Apr 19 13:34:44 test2 Keepalived_vrrp: IPVS: Can't initialize ipvs: Protocol not available
Apr 19 13:34:44 test2 Keepalived_healthcheckers: Configuration is using : 3103 Bytes
Apr 19 13:34:44 test2 Keepalived_healthcheckers: Using LinkWatch kernel netlink reflector...
Apr 19 13:34:44 test2 Keepalived_vrrp: Opening file '/etc/keepalived/keepalived.conf'.
Apr 19 13:34:44 test2 Keepalived_vrrp: Configuration is using : 31958 Bytes
Apr 19 13:34:44 test2 Keepalived_vrrp: Using LinkWatch kernel netlink reflector...
Apr 19 13:34:45 test2 Keepalived_vrrp: VRRP_Instance(VI_1) Transition to MASTER STATE
Apr 19 13:34:46 test2 Keepalived_vrrp: VRRP_Instance(VI_1) Entering MASTER STATE

The 'state MASTER' will confuse matters as they will both initially transition to MASTER and assume the IP (as per your logs) - you only want MASTER on one of them and BACKUP on the other (so one starts off passive).

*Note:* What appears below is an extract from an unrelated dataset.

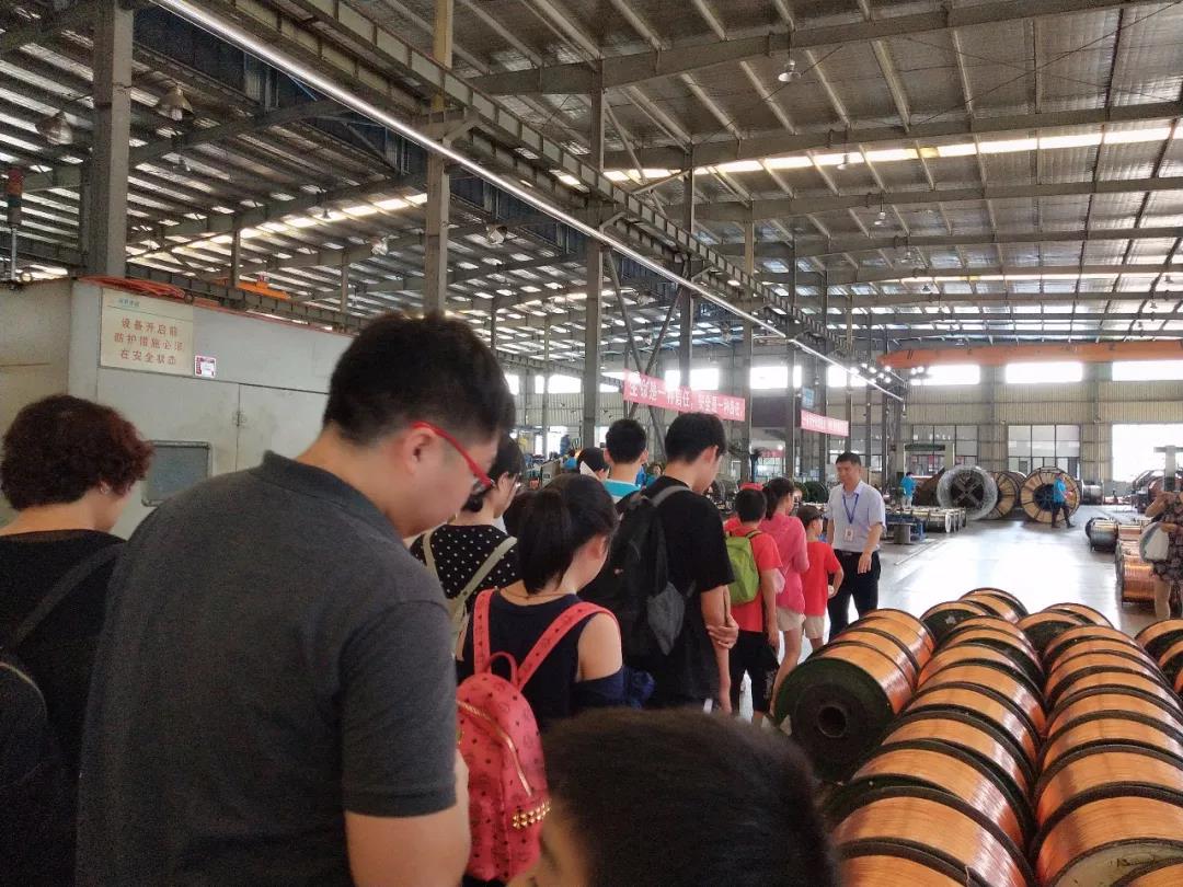 進入車間后,學(xué)生們在各個帶隊老師的引導(dǎo)下有序地進行參觀。從拉絲到絞線,從擠絕緣到成纜,學(xué)生們不僅對生產(chǎn)流程有了深入的認識,而且真實感受到了電纜的一線生產(chǎn)環(huán)境,收益頗豐。

However, since they both presumably stay as MASTER it would suggest they can't see each other's VRRP announcements (if they could one would step down after seeing a higher priority announced).

Check you can see multicast traffic from both hosts (tcpdump multicast).

Edit: crap, just realised this is quite old - might be useful for anyone else using keepalived though.